With the housing market cooling off from just about every conceivable consumer angle, so rests the hundreds of thousands of risky loans that sprang up in the last four years as housing prices crept up. Real estate was an investment market for millions and financiers were incredibly creative in allowing just about anyone take out a home mortgage, second mortgage (or HELOC). In fact, millions of American consumers used the equity in their homes as a Vegas slot machine that never lost. I personally know of many people that faced the "ATM" situation with home equity -- the low interest rates were too tempting and the easy money was too easy not to ignore.

Will the huge number of adjustable-rate mortgages that have payment term changes this fall cause a wave of foreclosures? This article over at MSN seems to think so, as do I. BloggingStocks' own Sheldon recently looked at the housing market "bubble" recently and concluded that there is no bubble, another fact I agree with. Having significant monies in the real estate commercial market and REITs and watching the media circus decry that all housing prices and starts are going down the tubes (some truth in starts, at least), there is one inescapable truth: real estate is a finite resource. We can't build more of it at will, and as the population grows, real estate will continue to increase in value. The question is: who will be around to afford it?

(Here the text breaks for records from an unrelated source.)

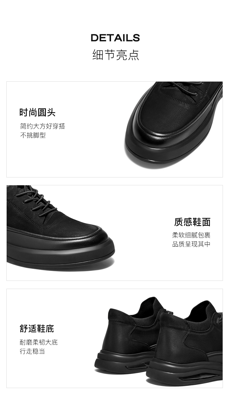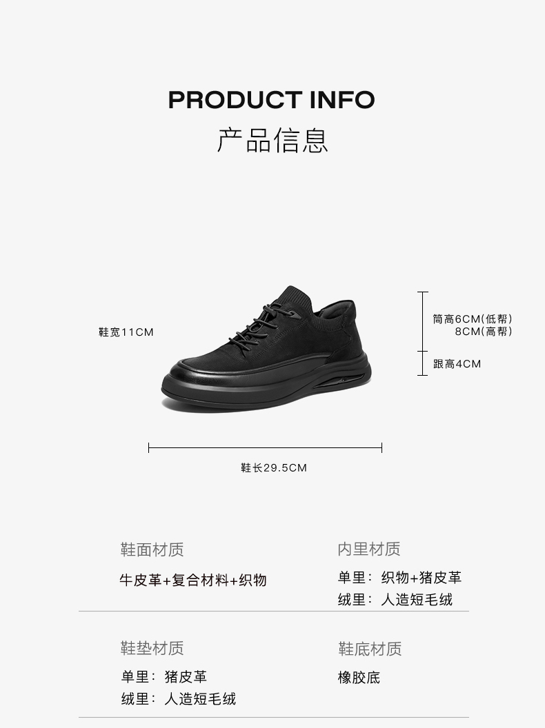 | 风格:休闲 | 色系:黑色 | 跟高数值:4CM | 40码鞋宽参考(男):11CM | 性别:男子 |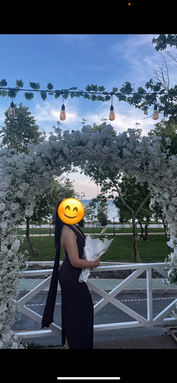 Siyah, V yakalı, askılı, drapeli ve desenli midi uzunlukta, oturan kesim gotik mezuniyet elbisesi. Düğün ve şık etkinlikler için uygun.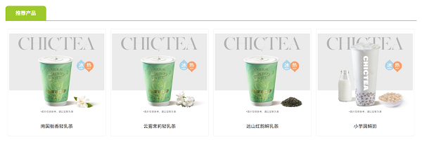 产品专区通过 “轻乳好茶系列”“热销产品” 等分类标签,配合图文混排的卡片式设计,既展示了丰富的产品线,又避免了信息过载。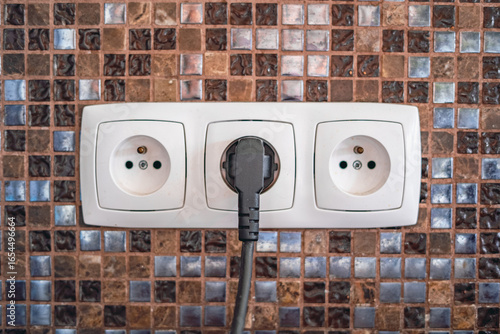 gniazdko elektryczne z podłączoną wtyczką na tle mozaiki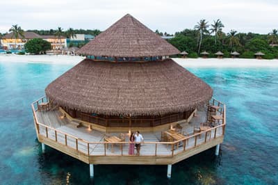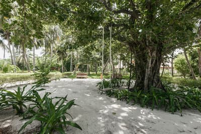Hamac suspendu entre les cocotiers, balançoire accrochée aux arbres, tables installées sur la plage… On vit au plus près de la nature au Reethi Faru, Bio Luxury Resort ! Et voilà un hôtel très engagé pour préserver son environnement : doté du label Travelife Gold, il a gagné l’award en 2019 du resort le plus green de l’océan Indien ! Et vous connaissez le concept « no news, no shoes » ? L’hôtel ne le met pas en avant, mais aurait très bien pu le faire, du moins pour la partie chaussures. On fait à peine un pas sur l’île, fraîchement débarqué du bateau ou de l’hydravion, qu’on quitte instantanément nos tongs. On peut se balader ici pieds nus, à longueur de journée, mais aussi garder nos orteils bien au chaud dans le sable fin et doux en sirotant un verre au bar, en jouant au baby-foot ou en faisant du yoga ! C’est peut-être pourquoi on craque pour les villas sur la plage plus que pour celles sur pilotis — une fois n’est pas coutume... Depuis notre terrasse, on saute dans le sable, toujours protégé du regard par le feuillage généreux, pour rejoindre nos deux bains de soleil. Un paradis intime, qu’on ne délaisse que pour plonger dans l’eau cristalline ou se détendre entre des mains bienveillantes et expertes au Coconut Spa. Autre petit coin idyllique : notre douche extérieure à l’inspiration orientale. Pas assez Robinson Crusoé ? Laissez-vous déposer par un bateau sur une île déserte !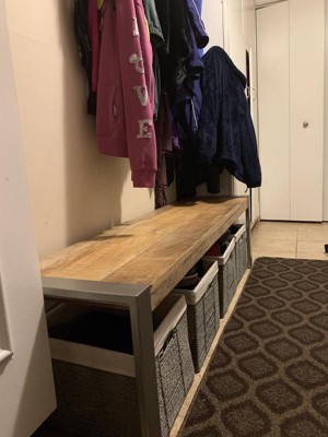 This bench is an attractive and sturdy addition to my mudroom. Very easy to assemble I also purchased the baskets shown under the bench from Target, and we store our shoes in them. They look like they good together, don't you think?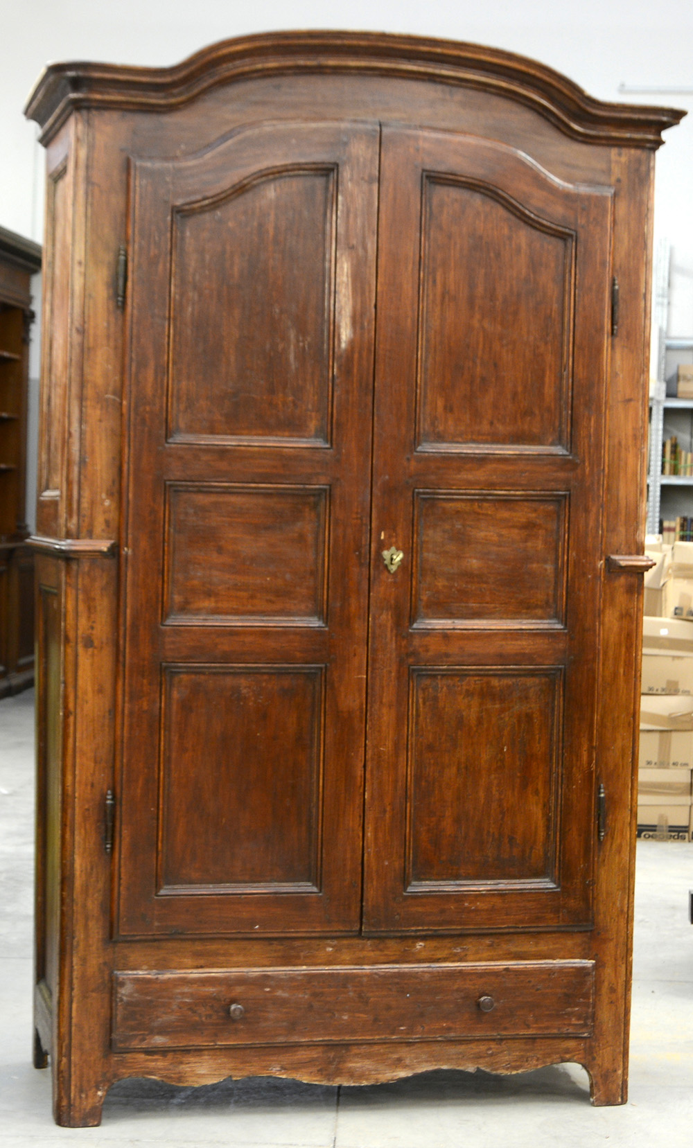 Armadio in legno dolce a due battenti riquadrati con cassetti nella fascia (cm 133x229x60) (difetti)

That does not mean housing turnover by over-eager homeowners who stretched themselves thin to get into that "larger" home, perhaps to take advantage of keeping up with the Joneses, and perhaps to take advantage of generation-low mortgage payments on way more house than was needed. It would not be a stretch to say that millions of Americans define themselves to the world by 1) the size and amenities of their homes and 2) their cars and SUVs. Hey didn't 7-UP once say "Image is everything?"

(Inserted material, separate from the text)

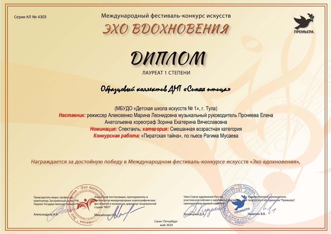 20 мая 2024, Понедельник 01:05 Просмотров: 707Поздравляем юных артистов образцовых коллективов ДМТ "Синяя птица" и хореографического ансамбля "Вдохновение" с Дипломом лауреата I степени Международного фестиваля-конкурса "Эхо вдохновения"!

The problem here is that the consequences of certain loan types can come back to bit the homeowner, and this may happen soon when ARMs and interest-only loans get past the "honeymoon" phase with loan owners and the real world sets in. Could it start this fall? Would something like this cause a foreclosure wave of epidemic proportions? Is real estate still a great investment? My answers to these quiz questions are 1) Y 2) Y and 3) Y. Hope I make an "A".